# help with smoke n pit



## ivanh17 (May 7, 2010)

name is Ivan from l.a. California. i have a smoke n pit and did some mods to it but my temps r still off from end to end like 100 degrees. I added a baffle, and extended smoke stack. can it b that my tuning plates r to thin?


----------



## guvna (May 7, 2010)

a picture is worth a thousand words, Ivan. welcome to the forum.


----------



## rbranstner (May 7, 2010)

Also what are you using to judge your temps (accurate thermometers?)?
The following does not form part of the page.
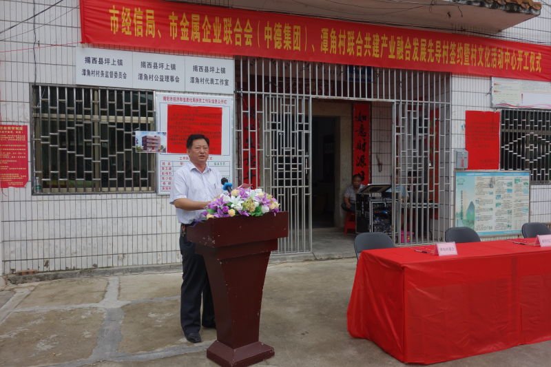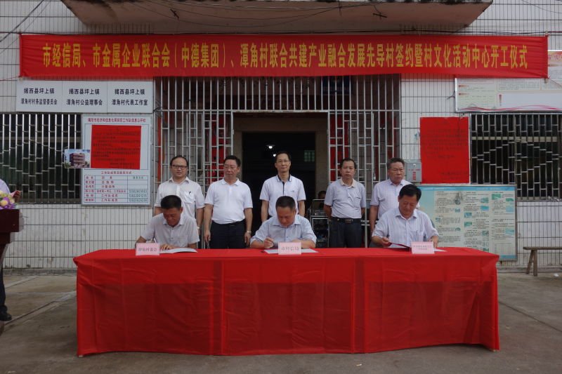 根據(jù)揭陽(yáng)市委、市政府關(guān)于動(dòng)員市社會(huì)組織參與精準(zhǔn)扶貧的指示精神,9月6日上午,市經(jīng)信局、市金屬企業(yè)聯(lián)合會(huì)、中德金屬集團(tuán)與揭西縣坪上鎮(zhèn)潭角村聯(lián)合舉行共建產(chǎn)業(yè)融合發(fā)展先導(dǎo)村簽約暨村文化活動(dòng)中心開工儀式,爭(zhēng)取把該村打造成揭陽(yáng)互聯(lián)網(wǎng)+精準(zhǔn)扶貧、精準(zhǔn)脫貧的示范村,推動(dòng)貧困戶早日脫貧致富。

Meaning are you using two good thermometer that will give you accurate readings or is one a good one and one a factory installed one which are known to be off???? Just a thought/question. Yes more info/pics will help with input from others members.


----------



## caveman (May 7, 2010)

Welcome to SMF Ivan.  Check that link in my Signature for posting qview instructions & follow them to the letter.  Post some qview of your smoker & those questions "rbranstner" asked are important as well.  Some more details on your baffle would assist as well.  Don't worry though, the kind folks here will fix you up quick & you will be putting out great smokes soon.  Enjoy your stay & you "Will" have some fun soon.  Glad to have you here.


----------



## meateater (May 7, 2010)

Welcome to the SMF. Glad to have you here. Lots of good folks, great recipes and knowledge. Looking forward to your first qview.


----------



## treegje (May 7, 2010)

Welcome to the SMF Ivan, We are glad to have you onboard


----------



## south jersey bbq tim (May 7, 2010)

welcome!! your smoker sounds nice


----------



## ivanh17 (May 7, 2010)

thanks guys i will b posting pictures later on today. as for my therms they r both the same.


----------



## phillet (May 7, 2010)

welcome to the forums


----------



## mgruen2 (Apr 13, 2011)

Hi all. New here too. Names Mike...Am I confess, I am a smoke-a-halic..I love it. I have a Brinkman and my question is do I need to or should I seal the fire door? seems loose and am loosing a lot of smoike from it. I dpownloaded the mods and will get to them this weekend. But am wondering about the door?


----------